What is required
Skip the pictures and give back the rest of the listing exactly.

Supplied data

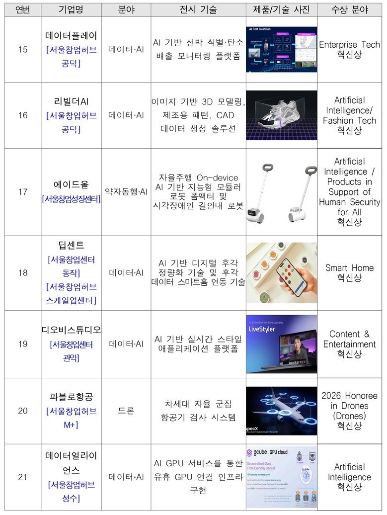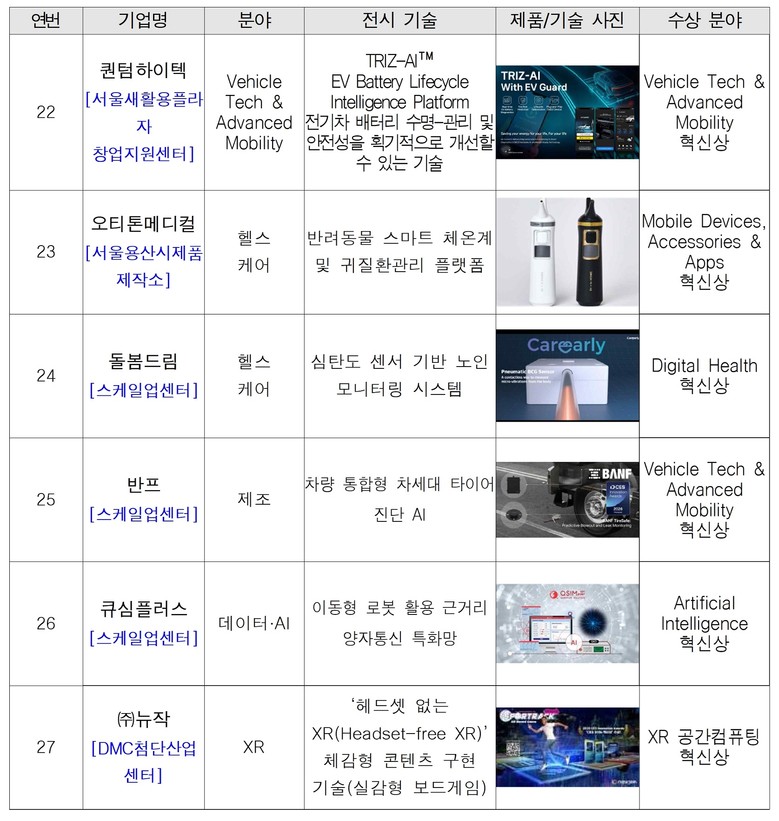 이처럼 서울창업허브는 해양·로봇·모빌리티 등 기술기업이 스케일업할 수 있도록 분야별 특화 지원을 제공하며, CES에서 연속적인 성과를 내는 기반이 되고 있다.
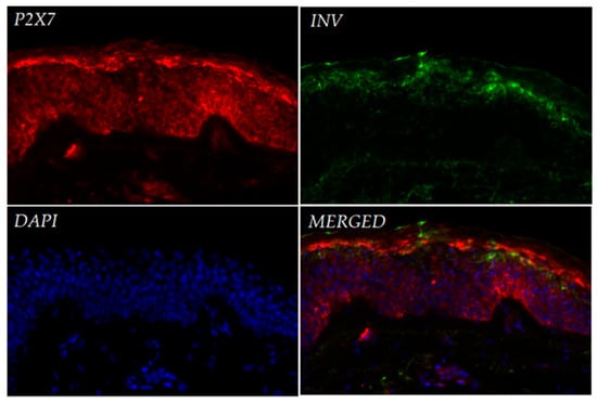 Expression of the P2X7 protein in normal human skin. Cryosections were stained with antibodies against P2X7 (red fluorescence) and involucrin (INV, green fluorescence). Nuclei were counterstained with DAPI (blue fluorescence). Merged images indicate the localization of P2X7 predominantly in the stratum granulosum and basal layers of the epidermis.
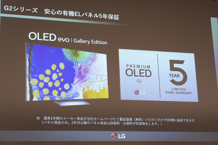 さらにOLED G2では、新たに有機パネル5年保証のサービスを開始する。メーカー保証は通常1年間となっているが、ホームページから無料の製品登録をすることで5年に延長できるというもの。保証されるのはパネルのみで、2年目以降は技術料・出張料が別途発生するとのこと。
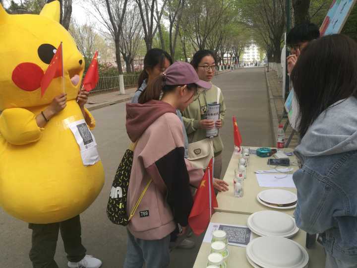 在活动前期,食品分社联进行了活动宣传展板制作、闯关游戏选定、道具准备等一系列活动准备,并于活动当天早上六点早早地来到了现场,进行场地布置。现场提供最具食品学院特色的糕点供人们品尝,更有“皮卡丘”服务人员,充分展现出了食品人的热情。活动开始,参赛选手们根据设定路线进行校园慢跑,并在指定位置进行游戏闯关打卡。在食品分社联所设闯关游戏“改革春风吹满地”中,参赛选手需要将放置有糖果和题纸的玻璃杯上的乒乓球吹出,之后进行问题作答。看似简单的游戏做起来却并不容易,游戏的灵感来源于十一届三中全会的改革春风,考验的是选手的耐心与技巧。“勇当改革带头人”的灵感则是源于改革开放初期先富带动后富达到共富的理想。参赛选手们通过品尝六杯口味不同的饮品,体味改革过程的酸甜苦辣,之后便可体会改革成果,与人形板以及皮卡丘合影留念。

Response area
 이처럼 서울창업허브는 해양·로봇·모빌리티 등 기술기업이 스케일업할 수 있도록 분야별 특화 지원을 제공하며, CES에서 연속적인 성과를 내는 기반이 되고 있다.
 Expression of the P2X7 protein in normal human skin. Cryosections were stained with antibodies against P2X7 (red fluorescence) and involucrin (INV, green fluorescence). Nuclei were counterstained with DAPI (blue fluorescence). Merged images indicate the localization of P2X7 predominantly in the stratum granulosum and basal layers of the epidermis.
 さらにOLED G2では、新たに有機パネル5年保証のサービスを開始する。メーカー保証は通常1年間となっているが、ホームページから無料の製品登録をすることで5年に延長できるというもの。保証されるのはパネルのみで、2年目以降は技術料・出張料が別途発生するとのこと。
 在活动前期,食品分社联进行了活动宣传展板制作、闯关游戏选定、道具准备等一系列活动准备,并于活动当天早上六点早早地来到了现场,进行场地布置。现场提供最具食品学院特色的糕点供人们品尝,更有“皮卡丘”服务人员,充分展现出了食品人的热情。活动开始,参赛选手们根据设定路线进行校园慢跑,并在指定位置进行游戏闯关打卡。在食品分社联所设闯关游戏“改革春风吹满地”中,参赛选手需要将放置有糖果和题纸的玻璃杯上的乒乓球吹出,之后进行问题作答。看似简单的游戏做起来却并不容易,游戏的灵感来源于十一届三中全会的改革春风,考验的是选手的耐心与技巧。“勇当改革带头人”的灵感则是源于改革开放初期先富带动后富达到共富的理想。参赛选手们通过品尝六杯口味不同的饮品,体味改革过程的酸甜苦辣,之后便可体会改革成果,与人形板以及皮卡丘合影留念。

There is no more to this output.